▶ Required work:
Exact copy, no pictures: output each line below as it stands.

▶ Information shown:
------------------------------------------------
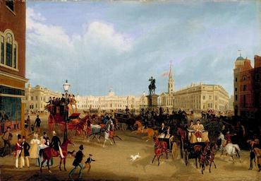 | Keywords: Trafalgar Square by James Pollard.jpg Trafalgar Square Oil on Canvas Signed and indistinctly dated 21 1/4 x 30 1/2 in 54 x 77 5 cm 21 James Pollard died 1867 PD-old-100 Paintings of Trafalgar Square James Pollard Equestrian statue of Charles I Charing Cross |
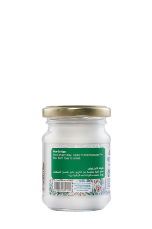 يُوضع الكريم على القدمين النظيفة والجافة، مع تدليك لطيف حتى يتم امتصاصه بالكامل. يُستخدم يوميًا للحصول على أفضل النتائج.
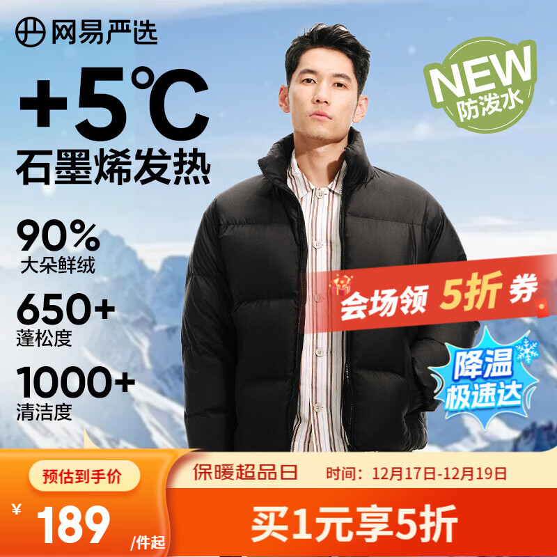 网易严选25新品90鸭绒超蓬羽绒服休闲面包服石墨烯保暖轻量抗菌防泼水 A款25秋冬立领-静谧黑 L
------------------------------------------------
▶ Answer to the exercise:
 | Keywords: Trafalgar Square by James Pollard.jpg Trafalgar Square Oil on Canvas Signed and indistinctly dated 21 1/4 x 30 1/2 in 54 x 77 5 cm 21 James Pollard died 1867 PD-old-100 Paintings of Trafalgar Square James Pollard Equestrian statue of Charles I Charing Cross |
 يُوضع الكريم على القدمين النظيفة والجافة، مع تدليك لطيف حتى يتم امتصاصه بالكامل. يُستخدم يوميًا للحصول على أفضل النتائج.
 网易严选25新品90鸭绒超蓬羽绒服休闲面包服石墨烯保暖轻量抗菌防泼水 A款25秋冬立领-静谧黑 L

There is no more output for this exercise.